One issue would be worth considering: the model Hamiltonian which the authors study does not couple the spin blocks, see Eq. 1. It is known that spin-orbit interaction without inversion symmetry introduces a coupling of the spin blocks. Even if the quantum well is symmetric, there remains a bulk inversion asymmetry. How would a coupling term affect the results?
Requested changes
Assess the effect of coupling of the spin blocks, at least qualitatively, if possible, quantitatively.
Author: Alberto Mayorgas on 2024-04-19 [id 4434]
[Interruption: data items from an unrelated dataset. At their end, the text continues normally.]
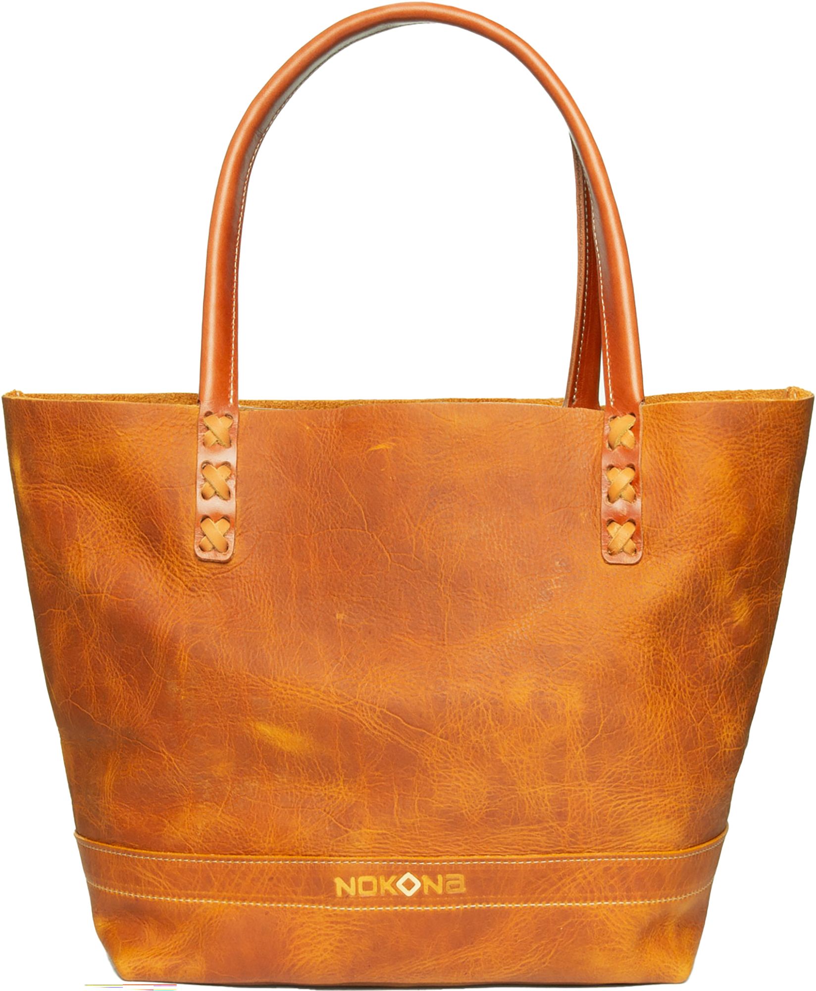 Carry America’s pastime with you in style. Handcrafted with our proprietary ballglove leather, the modern simplicity of the Nokona Tote™ highlights the richness of Nokona’s leather. Features two interior pockets to hold your phone and other trinkets, and includes authentic ballglove lacing cross-stitching detail at the handles. The Nokona Tote™ is offered in classic Walnut Crunch™, Generation™ and Black Stampede™, all full-grain American steerhides that are soft yet durable, and that will age beautifully. Every Nokona tote is individually cut, stitched, and assembled in the USA, giving each one its own unique identity and feel. Personalize the tote with a monogram or name on the inside pocket to really make it your own.
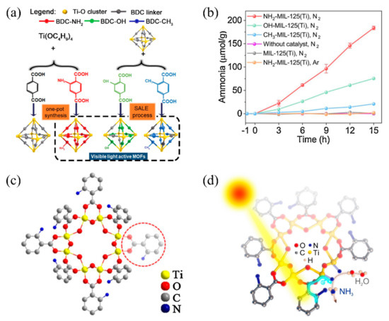 Ti-based MOFs have been widely explored in photocatalytic hydrogen production [101,102,103], photocatalytic CO2 reduction [104,105], and environmental protection; however, photocatalytic nitrogen fixation is still in its preliminary stages of development.
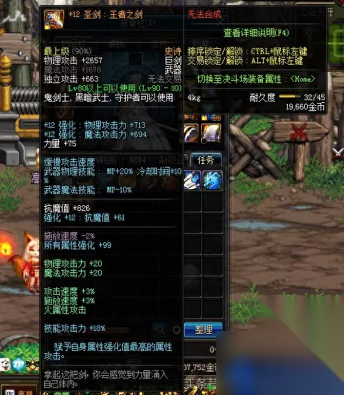 听朋友的建议,剑宗走四属性攻击,这样搞真的伤害比较高吗?进图的时候,魔剑降临选着暗属性攻击,这就能达到四属性攻击,剑宗这样提升大吗? 武器是王者圣剑,强化12,圣剑满属性的情况下,能有100的所有属性强化,而这把圣剑没有满属性,只有99的所有属性强化。圣剑上附魔的是物攻20,魔攻20,火属性攻击的宝珠,这就把圣剑打上火属性攻击的烙印。
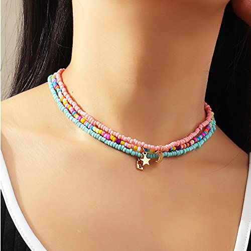 Handmade Multilayered Rainbow Colorful Beads Link Chain Moon Star Butterfly Pendant Choker Necklace Friendship Creative Beach Costume Jewelry for Women 1
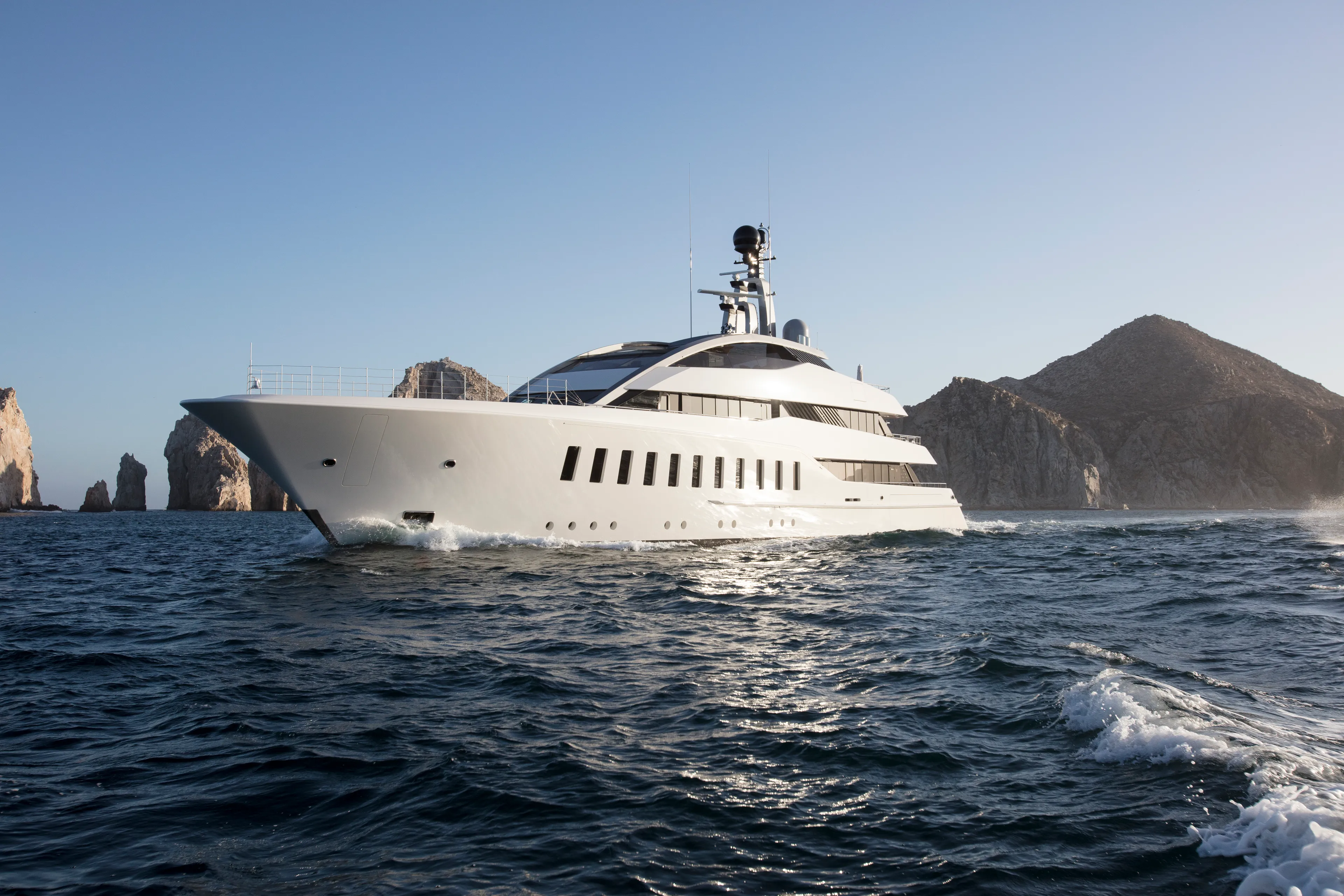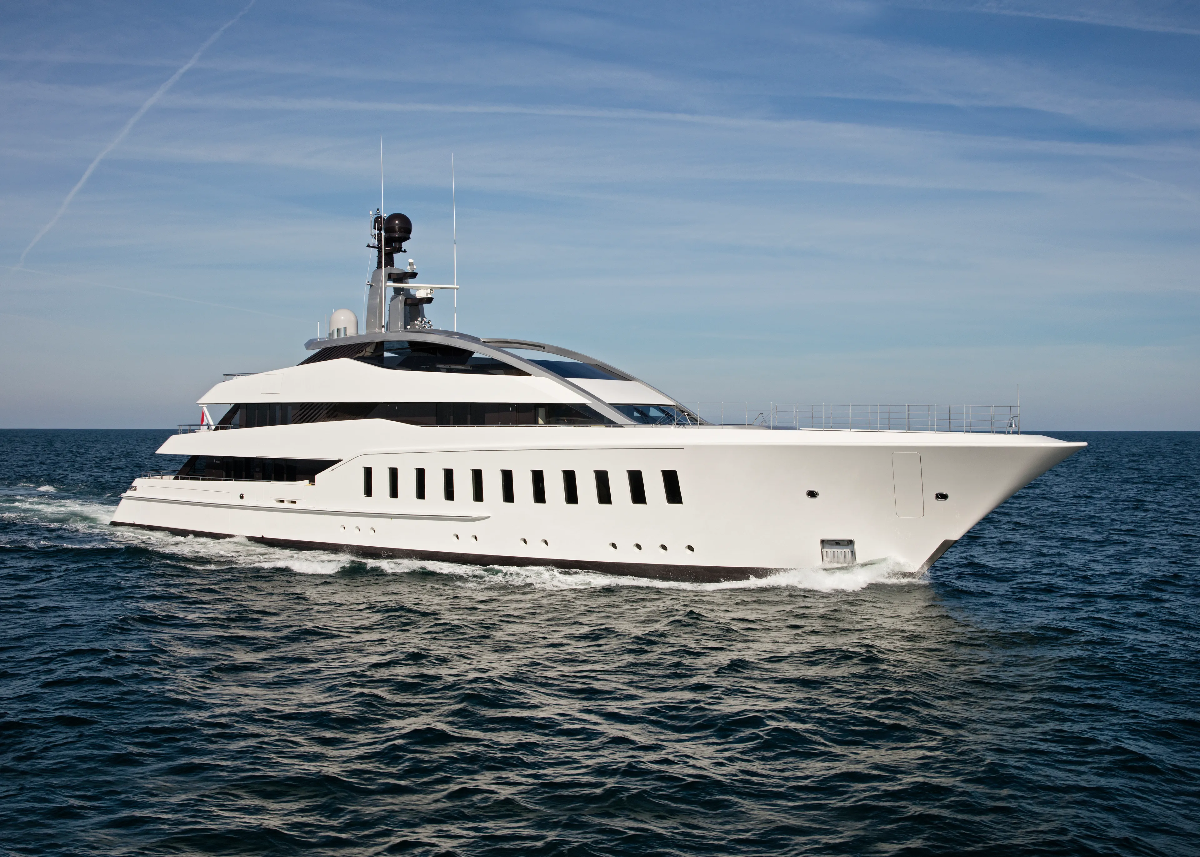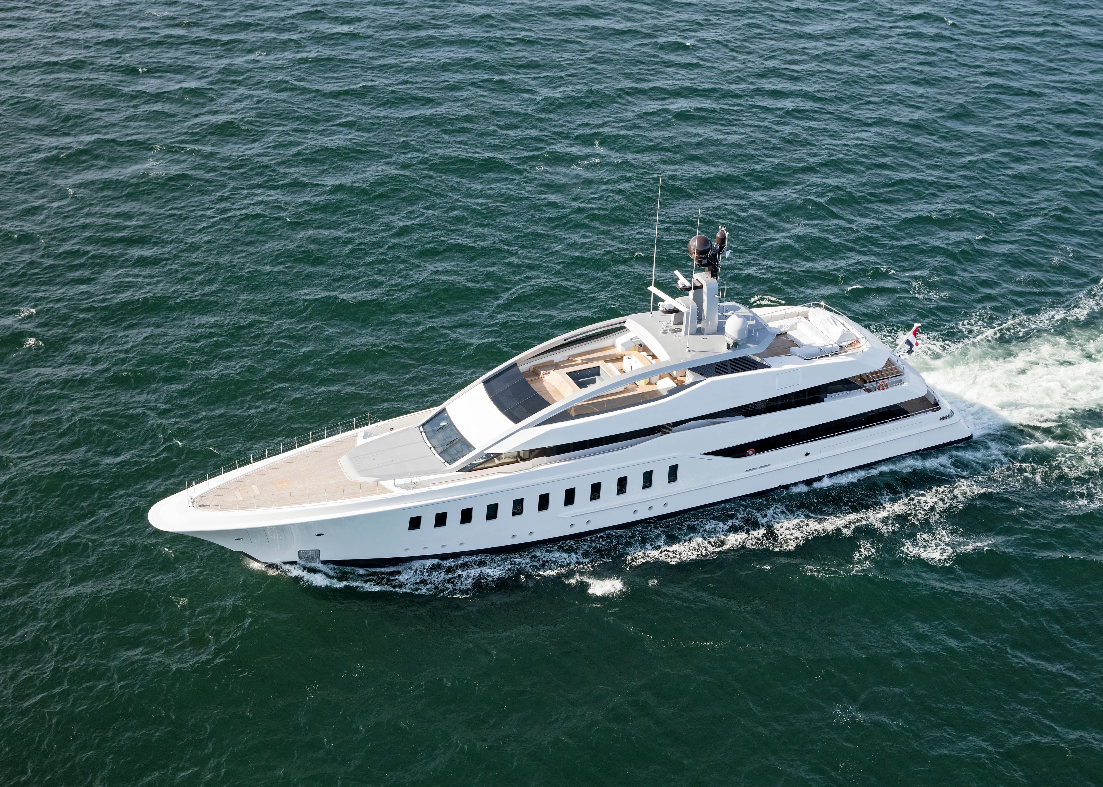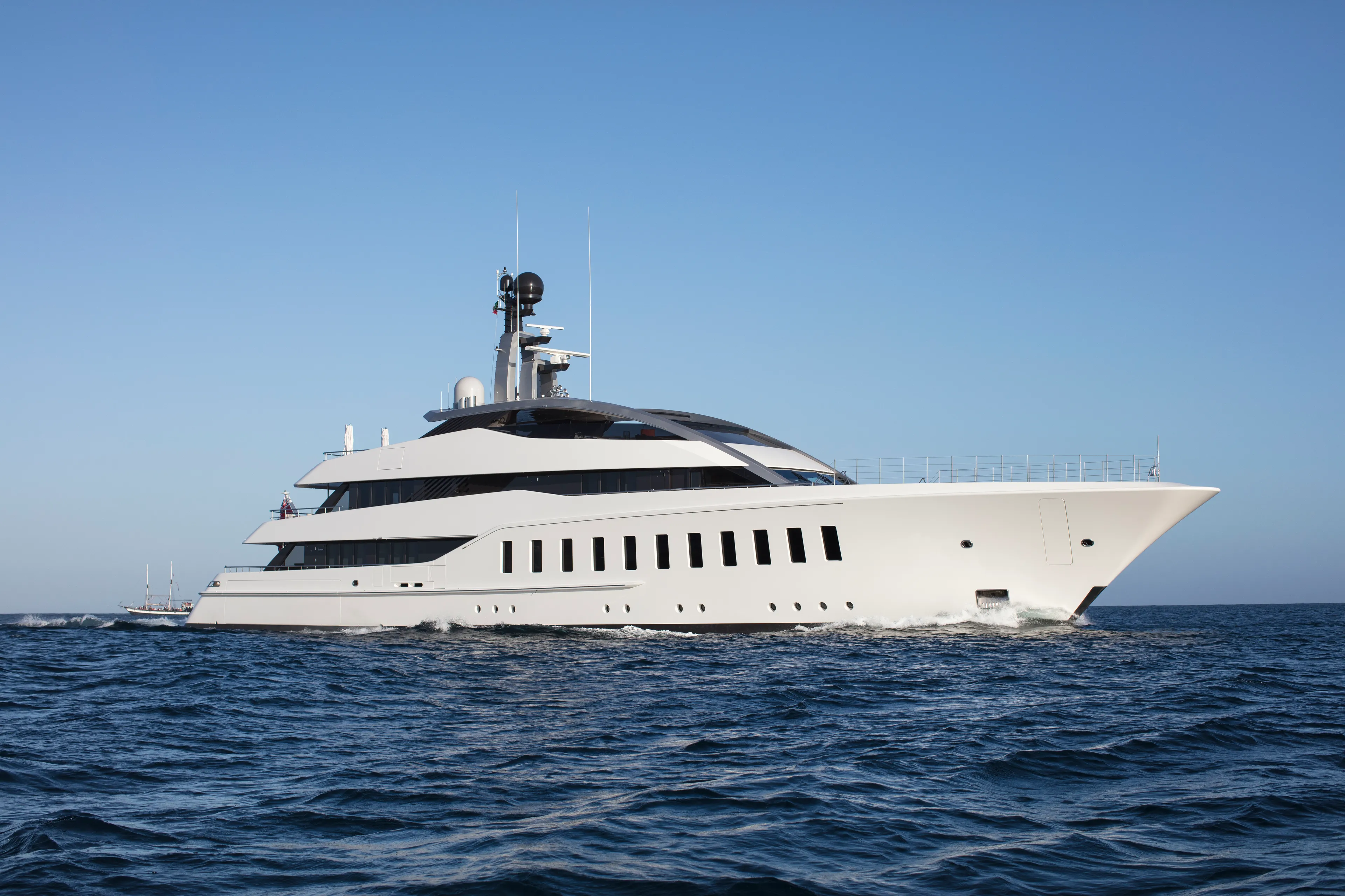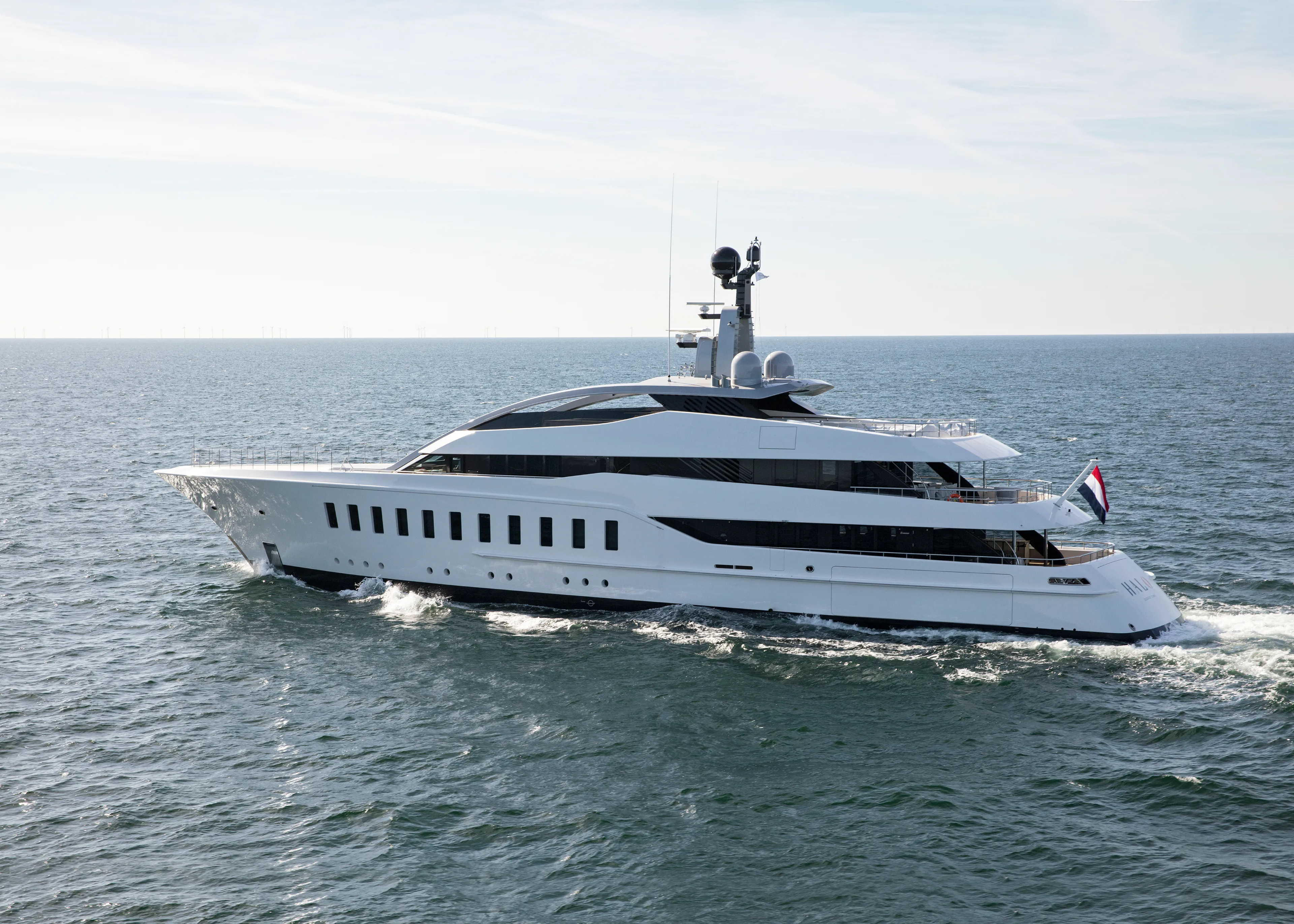 Halo’s radical exterior styling by Harrison Eidsgaard was created in close cooperation with the owner. Dark window bands in a warm grey Awlgrip Mocca unite the side deck windows, and the dark grey coloured custom Jacuzzi stands out visually. Further forward, Halo has an enclosed mooring deck with hatches that open on both sides and a helicopter platform. Aft are two large garages either side of the centreline beach club that house two custom 8.00-metre tenders.
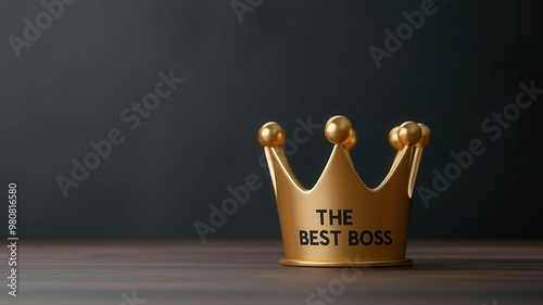 Abstract rendering of a crown made of light hovering over an office desk, symbolizing leadership Boss s Day, authority
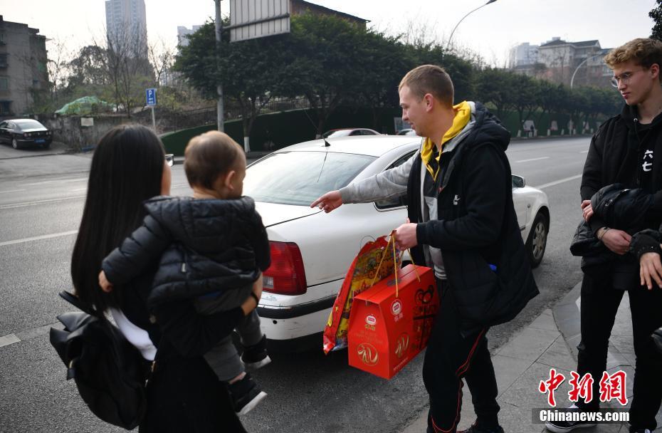 图为“洋女婿”Liam McCarthy(右二)与妻子准备打车回犍为老家过年。刘忠俊 摄
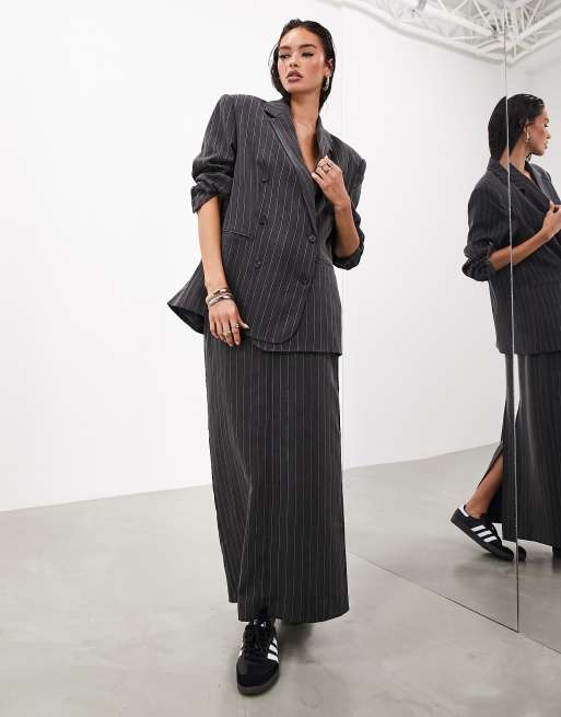 ASOS EDITION tailored maxi skirt in charcoal pinstripe
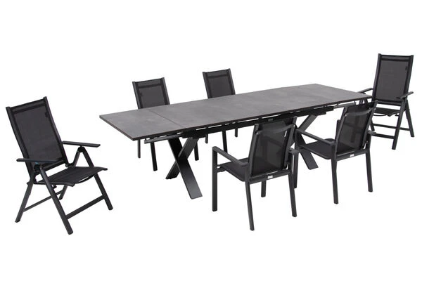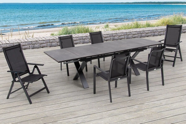 OUTFLEXX® Esstischgarnitur mit Ausziehtisch 180/280x100cm und 6 Stapel-/Multipositionssesseln aus Aluminium/HPL/Textilene in schwarz
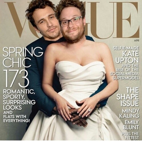 Persze ahogy Kanye West videoklipjét, úgy az áprilisi Vogue-címlapot is újragondolta James Franco és Seth Rogen; saját arcképeiket szerkesztették a címlapra, az eredményt pedig Franco Instagram-profilján mutatták be. „Seth! Szeretlek, haver!”

(in reply to Report 1 on 2024-04-01)Dear Referees,
Following the referee suggestions, we have added a new section V to study the effect of spin-orbit interaction without inversion symmetry introducing a constant coupling of the spin blocks. We focused on the effect of spin-orbit interaction on classical and revival times. We have seen that the spin coupling has hardly any effect on classical and revival times near the critical thickness where the topological phase transition takes place. Revival times turn to be more sensitive than classical times to the coupling away from the critical point. Both, classical and revival, times remain minimal at the critical point. More details (with new figures) can be found in the new version of the manuscript.
We hope that the changes introduced in the manuscript will make it suitable for publication by SciPost Physics Core.